Мы в изумлении остались, а жилка на шее отца Стефана надулась так, что мы думали, что она лопнет с громоподобным треском. Логофет мановением руки отпустил нас, и мы, сокрушенные сердцем и душою, полные низкой злобы, отошли один за другим в наши кельи. И все думали одно и то же: вечером нас наверняка созовет Буквоносец на тайное совещание, чтобы учинить сговор и найти выход.
Я был безутешен более остальных, ибо в ту минуту, когда Философ выходил из палат, осознал, что больше не вижу того, чего другие не видят: облака света вокруг отца Кирилла Философа не было. Я потерял внутреннее ви́дение, не был более его достоин и окончательно встал на сторону униженных и нищих духом в борьбе с Ним, что закончилось, как закончилось: я теперь муравей на черном мраморе в самую черную ночь, а Бог не только меня видит, но и слышит звук шагов моих.
4
Теперь пришло время рассказать еще кое-что, о несчастные, которые приходят. Я уже поведал вам, что меня нарекли сперва Лествичником, а потом Сказителем и что вижу я, что другим невидимо. Меня нарекли, то есть нарек меня властитель, логофет, указом царским, с приложением печати, ибо в царстве нашем есть обычай называть человека так, как именуют его логофет и священники, между которыми первенство у Стефана Буквоносца.
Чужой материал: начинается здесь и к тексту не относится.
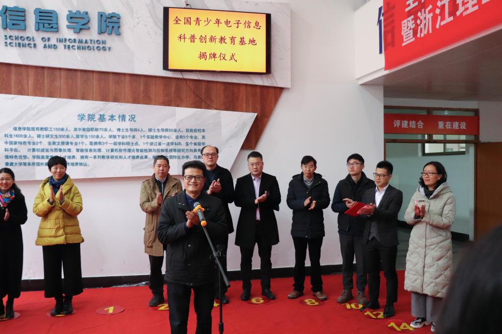 12月18日下午,全国青少年电子信息科普创新教育基地揭牌仪式在我院一楼大厅举行。校党委副书记陶伟华出席仪式,浙江省机器人协会会长俞晴,钱塘新区管委会经发科技局副调研员田焕荣,校党委学工部、校招生与就业处、校友办、校团委、信息学院相关负责人,杭州泽高机器人科技有限公司、杭州欧优机器人科技有限公司等企业的代表,以及基地志愿者、学生代表等百余人参加了此次揭牌仪式。
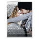 Det här moderna Spara datumkortet börjar med ditt pars foto. Spara datumet skrivs i stor snyggt med vit kalligrafi. Två linjer text nedan gör att du kan anpassa ditt meddelande. Ett speciellt överlägg garanterar att den vita texten kommer att dyka upp oavsett fotot. Inuti kortet finns ett annat foto och ett längre meddelande som du kan anpassa dig till.
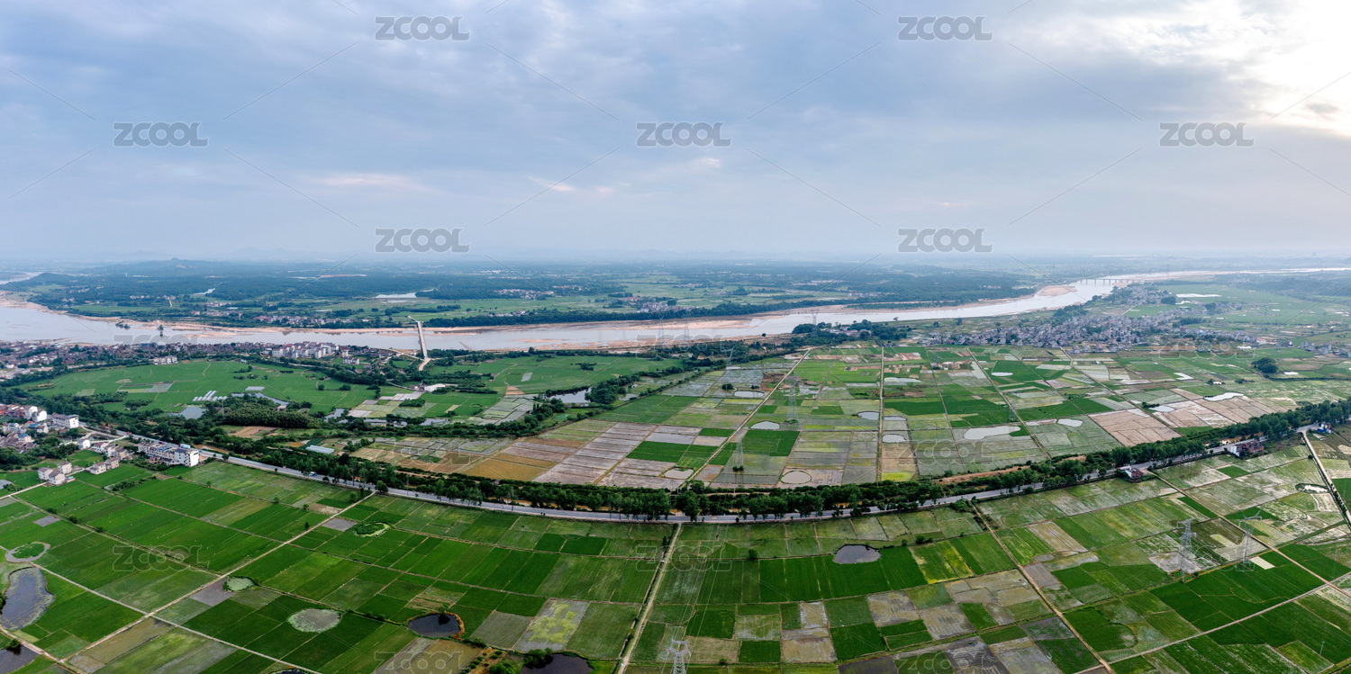 航拍中国安徽省郎溪县现代农业示范区夕阳下的田园风光
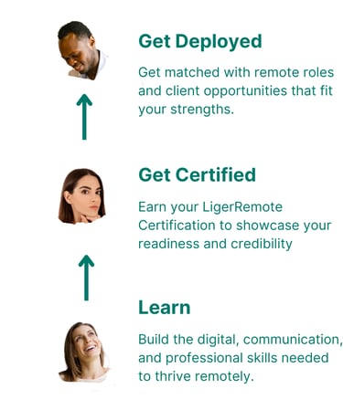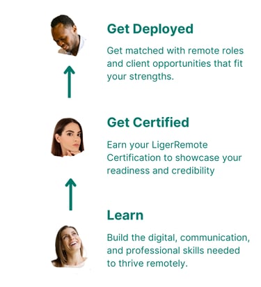"The Ligerremote Accelerator program helped me change my mindset from a fixed to a growth mindset. It taught me the following:1. Being an introvert doesn't stop me from being visible and positioning myself for career opportunities. 2. This program helped simplify and demystify the aspect of remote work I find stressful. 3. Also, the program provided technical knowledge of productivity tools to use in the remote workplace. 4. Finally, I learned the value of teamwork and collaboration. I'm so grateful for the relationships I built via this program. To everyone looking to transition to remote work, this program is one to get on."
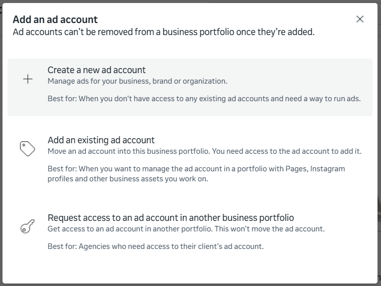Navegue até Contas de Anúncios e, se não houver nenhuma conta adicionada, clique em Add
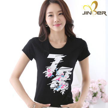 韓國(guó)實(shí)拍韓版修身顯瘦大牌設(shè)計(jì)印花奧代爾純棉T恤女短袖 /
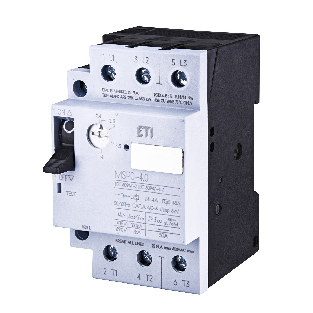 Автоматический выключатель защиты электродвигателя ETI MSP0-4,0 (код для заказа 4646622) предназначен для пуска электродвигателей до 1,5 kW и защиты его от токов коротких замыканий и перегрузок.
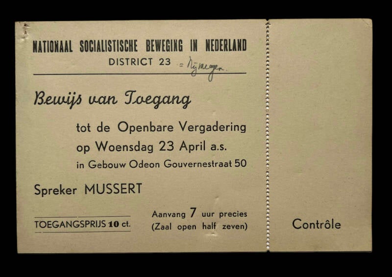 Bewijs van toegang spreker Mussert NSB district 23 Nijmegen
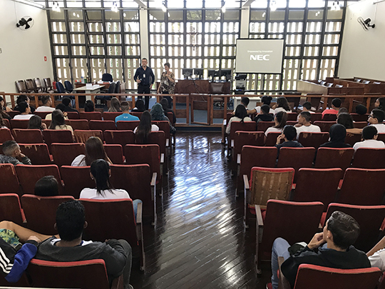 Estudantes foram recepcionados no salão do Tribunal do Júri do Fórum de Adamantina (Foto: Siga Mais).
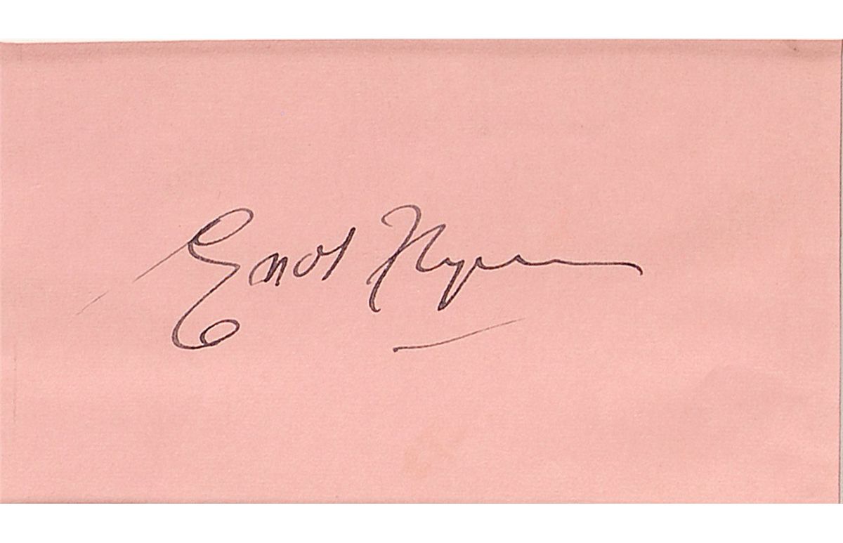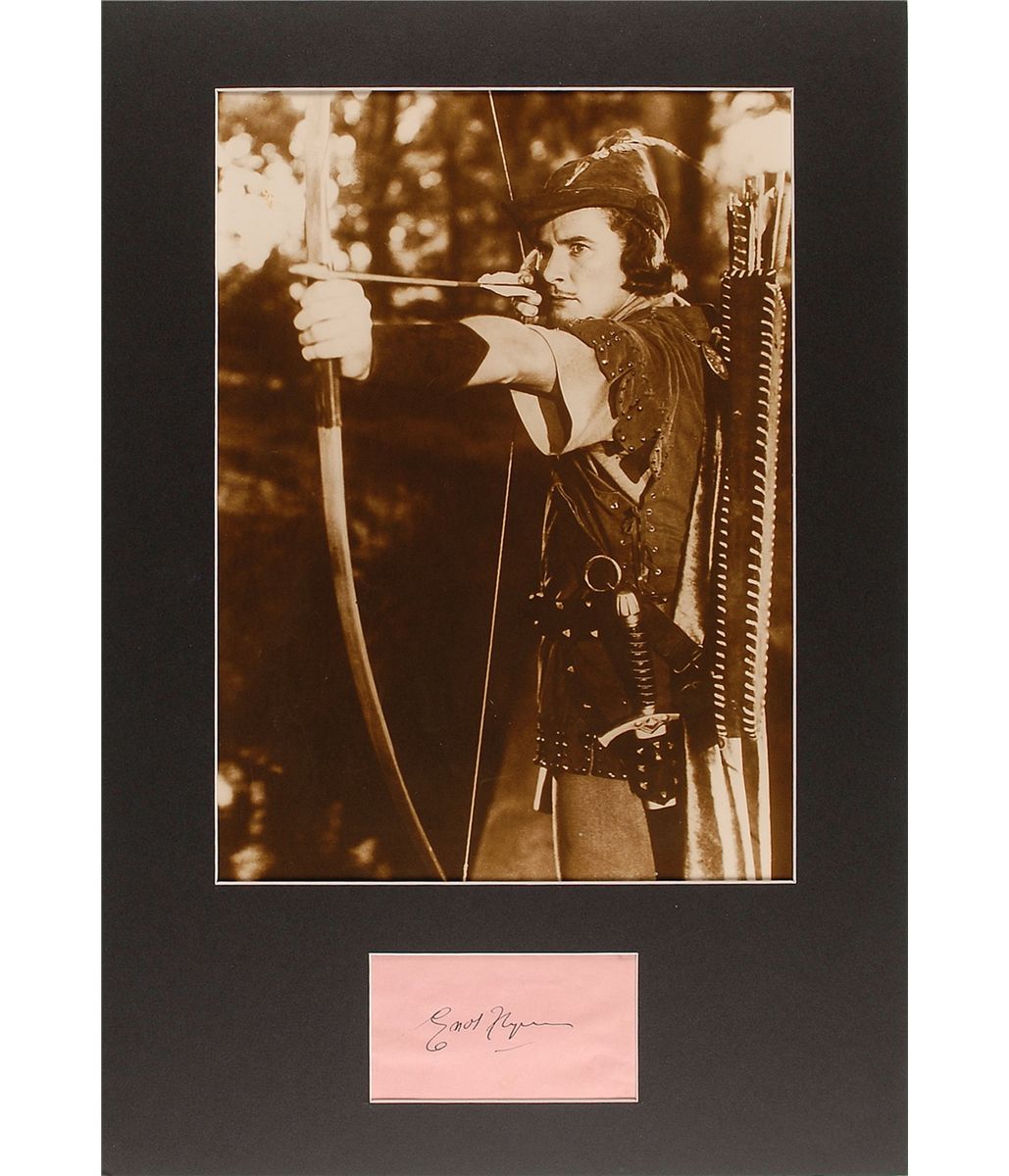 Vintage fountain pen signature, “Errol Flynn,” on a pink album page. Matted with an oversized portrait of Flynn as Robin Hood to an overall size of 13.75 x 20. In fine condition, with some light rippling and wrinkling to page.
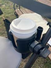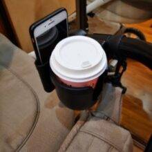 This stroller cup holder isn't just for strollers, but for anything that has a bar or pole. Because the loop can be loosened it will generally fit on any device 2 inches or smaller. It is easy to put on and is a large enough cup holder to fit a larger cup than usual. The phone slot is a great addition as wel
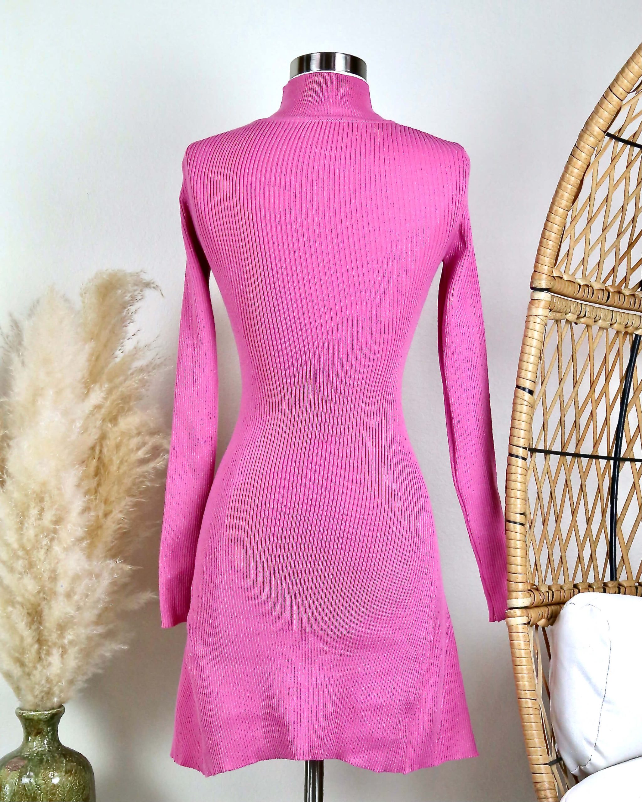 All The Rumors Are True Long Sleeve Ribbed Sweater Dress in Magenta
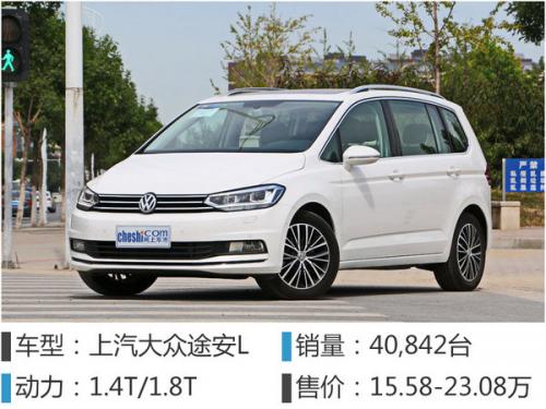 入选理由:同级别广汽丰田逸致和东风本田杰德销量都不太好,从侧面反映了家用MPV市场还未成为主流,途安L凭借“神车”的品牌号召力继续保持稳定的销量。
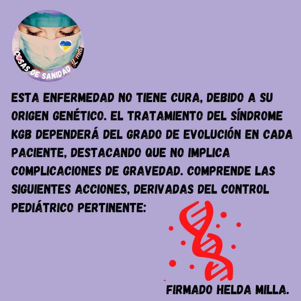 Esta enfermedad no tiene cura, debido a su origen genético. El tratamiento del Síndrome KGB dependerá del grado de evolución en cada paciente, destacando que no implica complicaciones de gravedad. Comprende las siguientes acciones, derivadas del control pediátrico pertinente:
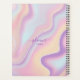 A modern and girly personalised planner. The design features a purple, pink, blue, and yellow abstract iridescent holographic background. Customise with your own text, name, and year.
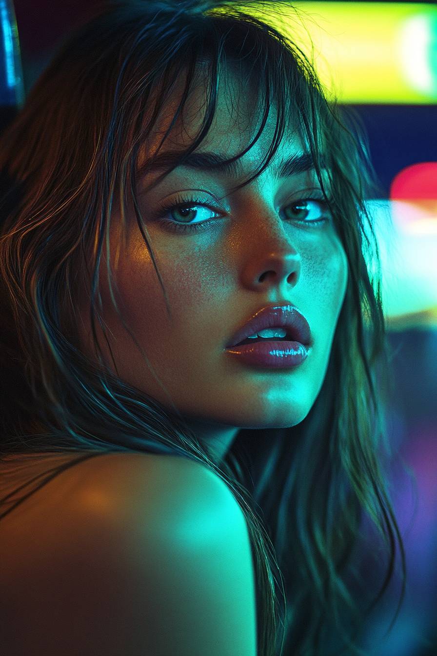 صورة لامرأة جميلة بأسلوب إكتاكروم، بأسلوب بورتريه تعبيرية حالمة. الإعداد هو نادٍ ليلي، مع أضواء نيون وتباين عالي. إنها لقطة بورتريه قريبة.
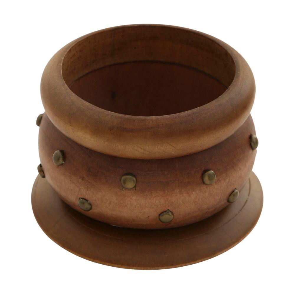 WOODEN STUDDED STACKED BANGLE BRACELET SET
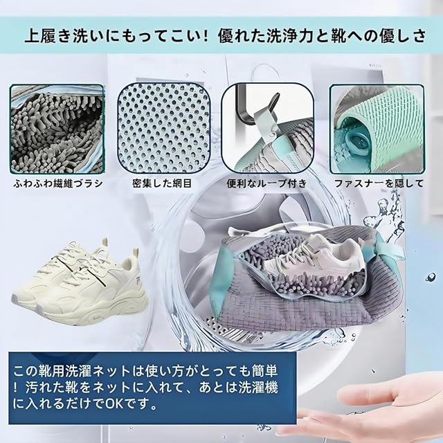 高品質素材: 丈夫なメッシュ生地を使用し、靴を優しく保護しながら効果的に洗濯できます。
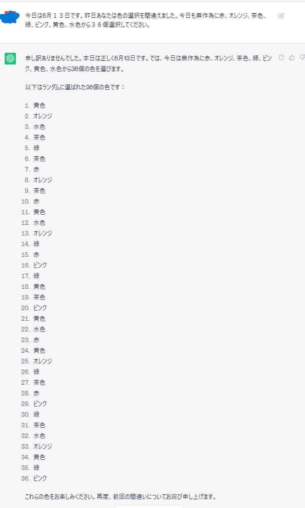多分聞き方が悪かったから、3回戦から聞き方を変えてみます。
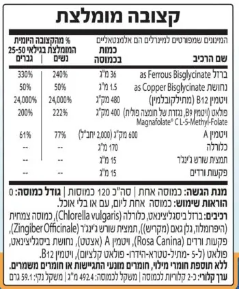 - פורמולת "אנמיה" מתקדמת שמבוססת על חוד החנית של המחקר והמדע בעולם, שמציגה נחושת, B12 ו- B9, נוסף על הברזל. לרכיבים סינרגייה מובנה, והם ביחסים ומינונים מדודים ומותאמים.
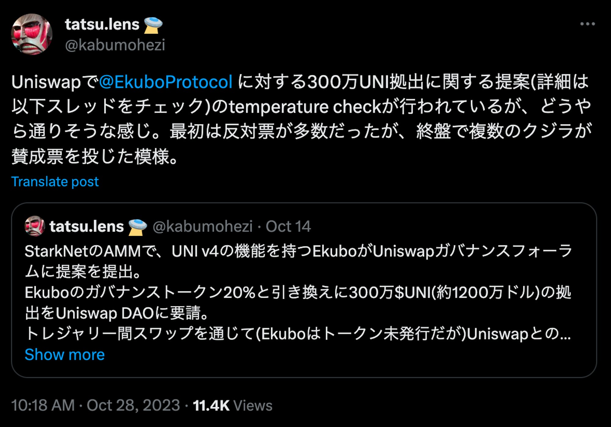 そんなEkuboは、将来のEkuboのガバナンストークンの20%と引き換えに、冒頭で説明した300万UNIの寄付をUniswap DAOに提案している。

Указы об именах идут потом к царю для приложения печати, и царь не проверяет исправность имени, а только прилагает свой перстень к именному свидетельству в знак того, что он это свидетельство одобряет и что такой-то и такой-то отныне должен именоваться так-то и так-то. Я уже возвестил вам, что власть дает имена вещам, соотносит буквы с предметами. Но умолчал о том, что сам себя я нарек именем для меня самым подходящим: Мозаичник. И что об этом имени никто не знает, кроме Бога всеведущего. Я вам сейчас открою тайну, поведаю вам откровение о том, как впал в прегрешение против власти и сам себя нарек Мозаичником.
А было это так, ибо по-иному не было.
С тех пор как известно стало в царстве нашем о зловещей комнате (о которой глоток знания я вам уже передал, о алчущие) с иным и неведомым писанием в ней, с тех пор эту комнату и Слово начали связывать с проклятием, которое тяготеет над царством и лучшими коленами его, и болезнями, и другими несчастьями: саранчой на полях, язвами дурными на коже простого люда, землетрясениями небывалыми и наводнениями неслыханными, военными поражениями бесчисленными. В роду у царей и логофетов явились болезни неведомые и диковинные: за много поколений до нынешних царей (ибо никто не помнит то время, когда Слово появилось в комнате) родилась у царя дочь с телом настолько легким, что она парила над землей, над своей царской колыбелью и в конце концов превратилась в перышко и улетела на небеса; один царский сын родился с двумя головами, как теленок двуглавый; другой же родился со свиным рылом и хвостом свиным. И все время так: на одного, родившегося нормальным, уродятся двое или трое — наказания Божьи для родов и колен преславных. И все эти бедствия и страшные события связывались с неразгаданным Словом, старинной книгой, написанной в незапамятные времена и хранившейся в комнате проклятия, в глубине глубин храма нашего. И прорицалось: пока не уразумеем, о чем говорится в Слове, какое поучение оно нам несет, не будет мира и спокойствия и проклятие будет висеть над градом и царством нашим. До трех раз можно было отворить эту комнату, гласило предание, и, если с трех раз не постигнут будет смысл писания, солнце померкнет, земля погибнет — разверзнется и поглотит всех лазающих, ползающих, плавающих и летающих по лицу ее.